Open Implementations

Because IDL is proprietary, licensed software, the community produced compatible open-source alternatives:

• GNU Data Language (GDL) — a free, largely IDL-compatible implementation under the GPL.
• Fawlty Language (FL) — a free compiler aiming for compatibility with IDL 8.

A closely related commercial language, PV-WAVE, shares a common ancestry and much of IDL’s syntax, having branched from the same codebase.

Current Relevance

IDL remains entrenched in specific scientific communities — particularly solar physics, astronomy, and remote sensing — where decades of accumulated, battle-tested analysis libraries (such as the IDL Astronomy User’s Library and SolarSoft) represent an enormous body of domain expertise that is not trivially replaced. In these niches, mission data-reduction pipelines and instrument software written in IDL are still actively used and maintained.
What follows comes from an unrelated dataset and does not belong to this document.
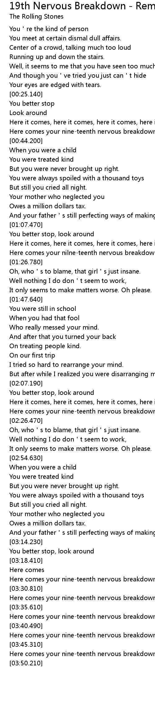 | [03:47.110] | Here comes your nineteenth nervous breakdown |

At the same time, the broader scientific-computing world has shifted substantially toward Python (with NumPy, SciPy, Astropy, and Matplotlib) and toward MATLAB in engineering settings. Many groups now run IDL alongside Python or migrate legacy IDL code, and IDL itself provides bridges to Python. The free GDL implementation has also extended the reach of existing IDL codebases to users without a commercial license.

Why It Matters

IDL is a notable example of an array-programming language built for a specific community of practice rather than for general-purpose software development. Alongside APL, MATLAB, and later NumPy, it helped establish the idea that scientific computation is best expressed as operations on whole arrays — a paradigm that now underpins most modern data-science and numerical tooling. Its long history processing data from spacecraft, telescopes, and earth-observation instruments has woven it into the record of late-20th-century space science, and the libraries written in it continue to support working scientists today.